Exercise details » Output every entry below word for word, without its pictures.
====== Supplied records ======
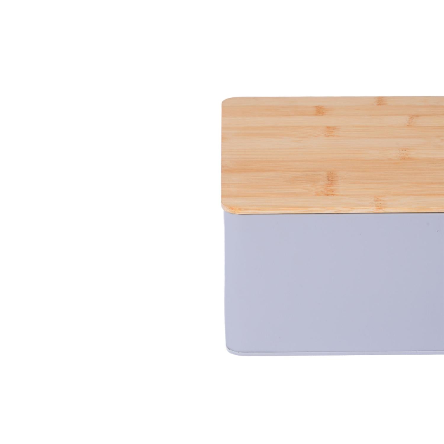 Panera Metal Gris Claro Con Tapa De Madera 30x22 cm DAY
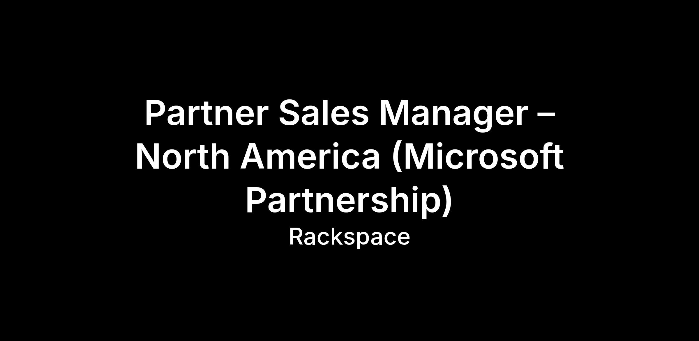 The Partner Sales Manager – North America (Microsoft Partnership) at Rackspace is the go-to leader for driving co-sell and joint sales success across the Americas. You will own the relationship with Microsoft sales and partner teams, turning alliance strategy into real pipeline, deals, and revenue growth. This role is all about connecting Rackspace solutions with Microsoft’s ecosystem, aligning teams, and executing joint motions that deliver measurable business impact across North America.
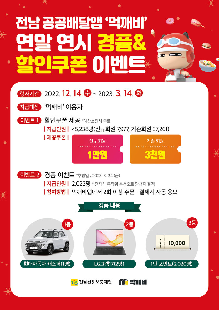 [전남=프레스뉴스] 강래성 기자= 전라남도가 공공배달앱 ‘먹깨비’의 이용 활성화를 위해 오는 3월 14일까지 이용자 대상 푸짐한 경품 이벤트를 진행하고 있다.
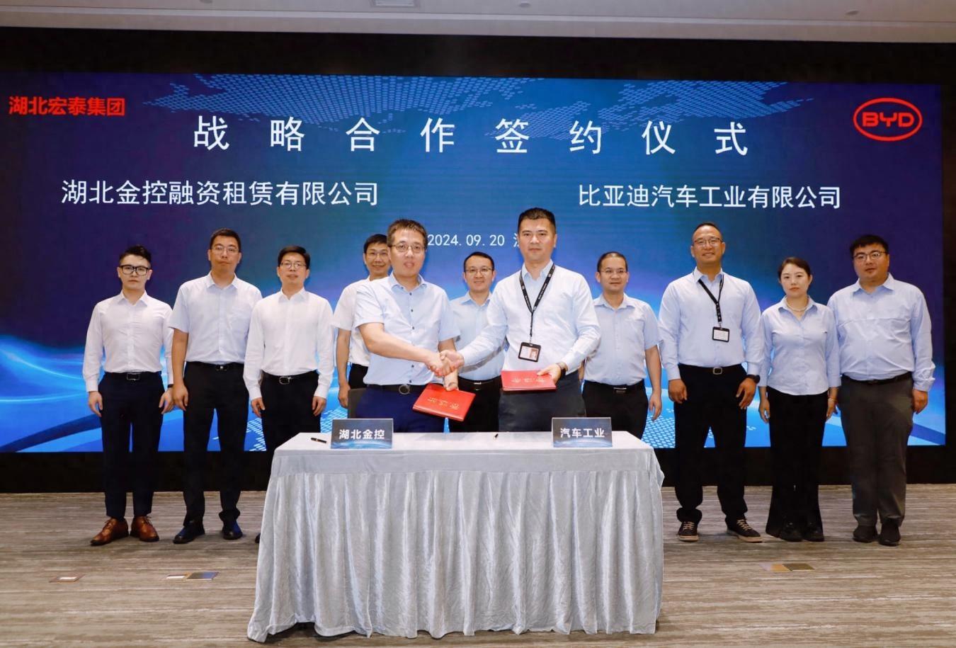 9月20日,米兰官方版网站-米兰online(中国) (简称“米兰官方版网站-米兰online(中国) ”)所属的湖北金控融资租赁公司(简称“宏泰融资租赁”)与比亚迪汽车工业有限公司(简称“比亚迪汽车工业”)在深圳比亚迪公司总部,签订50亿元战略合作协议。
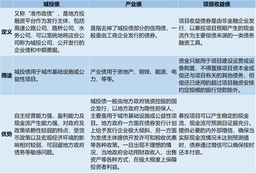 根据募集资金用途的不同,企业债主要分成以下三大类:第一类是地方政府的融资平台公司所发行的城投债,第二类是产业类公司发行的产业债,第三类是项目收益债。
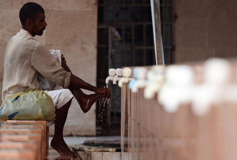 在巴基斯坦的一座清真寺,一名男子在祈禱之前洗腳。(卡拉奇,7月16日)
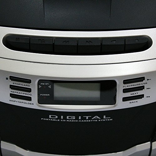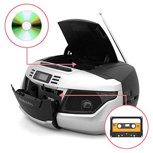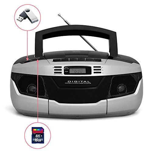 Tyler MP3/CD Boombox Player TAU103-SL with Tape Cassette Player/Recorder, USB/SD Card Reader, Headphone Jack Line-in, Portable Sport Stereo Mega Bass Reflex Stereo Sound System | Silver |
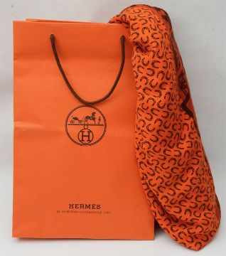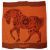 designed by Bali Barrett, brown and red against a burnt orange ground with brown horseshoe design and central horse figure, without box but in original bag and tissue
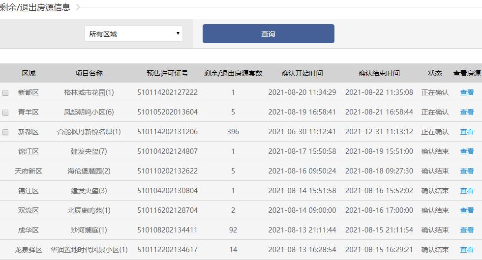 这么多热门项目齐开,势必会造成购房客群的分流。再加上银行严查首付款来源、拉长放贷周期拉长等原因,也就出现了部分项目报名火爆,但开盘后购房者却放弃选房的情况。据成都住建局网上政务大厅的购房登记系统显示,近期,整个成都核心区的热门项目还有超百套剩余/退出房源。
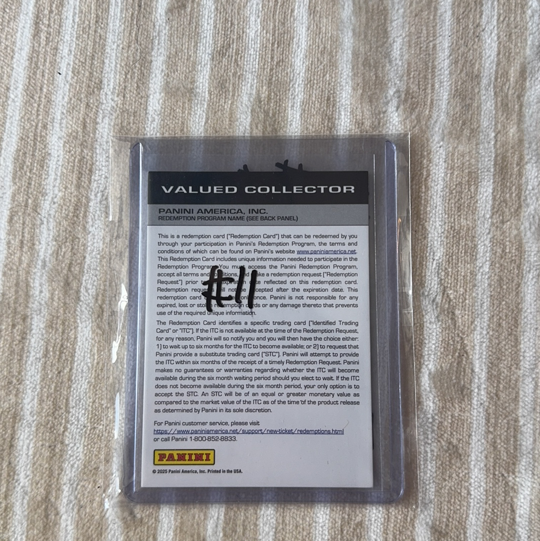 【关于个人】8年球星卡老玩家,目前沉迷收藏PZ彩虹套,相信不少朋友都认识,目前主要出一些自己不收藏的球星卡,希望各位卡友都热爱无价,收藏过程,欢迎加V交流代拍:Vvk208034。【拍前须知】参拍前请先阅读拍卖规则,出价即表示认同规则! 【关于拍品】 1.*一般为通行卡品,特殊卡品会注明。参拍前请仔细看图,也可以咨询索要细节图,参拍视为接受卡品,拍下后不接受以卡品为理由的任何不进行交易的行为。 2. *国宝、IMM 、小真金、Noir等厚卡有白边白角、卡面有轻印属于通行卡品。 3.*Prizm、 Select、 Optic、 IMM等折射、镜面卡片有小划痕、小印记或非人为卡片制作印刷的问题属于通行卡品。 4.*要保证评级金标的请直接购买评级卡,品相控艺术家卡迷请直接购买相应评级卡。 5.*卡夹卡砖磨损不属于卡品问题。【发货规则】1.*关于订单* 所有拍卖不累计发货 2.*付款时间* 所有拍卖需要在3日内付款,特殊原因请提前联系客服,截标3日未付款将会进行投诉封号处理 3. *发货地址* 所有交易线上支付,快递一律默认地址,若需要修改地址可以在支付时更改 4. *快递费用* 邮费统一以此单标明的价格为准,超重另算。1000元以下商品快递只支持寄付;快递公司默认发顺丰,偏远地区只发顺丰,邮费商议;超过1000元的卡建议发顺丰到付,快递发出后出现遗失毁损卖家无法赔付 5.*卡片保护* 卡片不含卡砖 6.*售后服务* 快递运输中如遇卡品损坏,本店将不负责赔偿,请您联系快递公司处理。
======
Response to the task »
 Panera Metal Gris Claro Con Tapa De Madera 30x22 cm DAY
 The Partner Sales Manager – North America (Microsoft Partnership) at Rackspace is the go-to leader for driving co-sell and joint sales success across the Americas. You will own the relationship with Microsoft sales and partner teams, turning alliance strategy into real pipeline, deals, and revenue growth. This role is all about connecting Rackspace solutions with Microsoft’s ecosystem, aligning teams, and executing joint motions that deliver measurable business impact across North America.
 [전남=프레스뉴스] 강래성 기자= 전라남도가 공공배달앱 ‘먹깨비’의 이용 활성화를 위해 오는 3월 14일까지 이용자 대상 푸짐한 경품 이벤트를 진행하고 있다.
 9月20日,米兰官方版网站-米兰online(中国) (简称“米兰官方版网站-米兰online(中国) ”)所属的湖北金控融资租赁公司(简称“宏泰融资租赁”)与比亚迪汽车工业有限公司(简称“比亚迪汽车工业”)在深圳比亚迪公司总部,签订50亿元战略合作协议。
 根据募集资金用途的不同,企业债主要分成以下三大类:第一类是地方政府的融资平台公司所发行的城投债,第二类是产业类公司发行的产业债,第三类是项目收益债。
 在巴基斯坦的一座清真寺,一名男子在祈禱之前洗腳。(卡拉奇,7月16日)
 Tyler MP3/CD Boombox Player TAU103-SL with Tape Cassette Player/Recorder, USB/SD Card Reader, Headphone Jack Line-in, Portable Sport Stereo Mega Bass Reflex Stereo Sound System | Silver |
 designed by Bali Barrett, brown and red against a burnt orange ground with brown horseshoe design and central horse figure, without box but in original bag and tissue
 这么多热门项目齐开,势必会造成购房客群的分流。再加上银行严查首付款来源、拉长放贷周期拉长等原因,也就出现了部分项目报名火爆,但开盘后购房者却放弃选房的情况。据成都住建局网上政务大厅的购房登记系统显示,近期,整个成都核心区的热门项目还有超百套剩余/退出房源。
 【关于个人】8年球星卡老玩家,目前沉迷收藏PZ彩虹套,相信不少朋友都认识,目前主要出一些自己不收藏的球星卡,希望各位卡友都热爱无价,收藏过程,欢迎加V交流代拍:Vvk208034。【拍前须知】参拍前请先阅读拍卖规则,出价即表示认同规则! 【关于拍品】 1.*一般为通行卡品,特殊卡品会注明。参拍前请仔细看图,也可以咨询索要细节图,参拍视为接受卡品,拍下后不接受以卡品为理由的任何不进行交易的行为。 2. *国宝、IMM 、小真金、Noir等厚卡有白边白角、卡面有轻印属于通行卡品。 3.*Prizm、 Select、 Optic、 IMM等折射、镜面卡片有小划痕、小印记或非人为卡片制作印刷的问题属于通行卡品。 4.*要保证评级金标的请直接购买评级卡,品相控艺术家卡迷请直接购买相应评级卡。 5.*卡夹卡砖磨损不属于卡品问题。【发货规则】1.*关于订单* 所有拍卖不累计发货 2.*付款时间* 所有拍卖需要在3日内付款,特殊原因请提前联系客服,截标3日未付款将会进行投诉封号处理 3. *发货地址* 所有交易线上支付,快递一律默认地址,若需要修改地址可以在支付时更改 4. *快递费用* 邮费统一以此单标明的价格为准,超重另算。1000元以下商品快递只支持寄付;快递公司默认发顺丰,偏远地区只发顺丰,邮费商议;超过1000元的卡建议发顺丰到付,快递发出后出现遗失毁损卖家无法赔付 5.*卡片保护* 卡片不含卡砖 6.*售后服务* 快递运输中如遇卡品损坏,本店将不负责赔偿,请您联系快递公司处理。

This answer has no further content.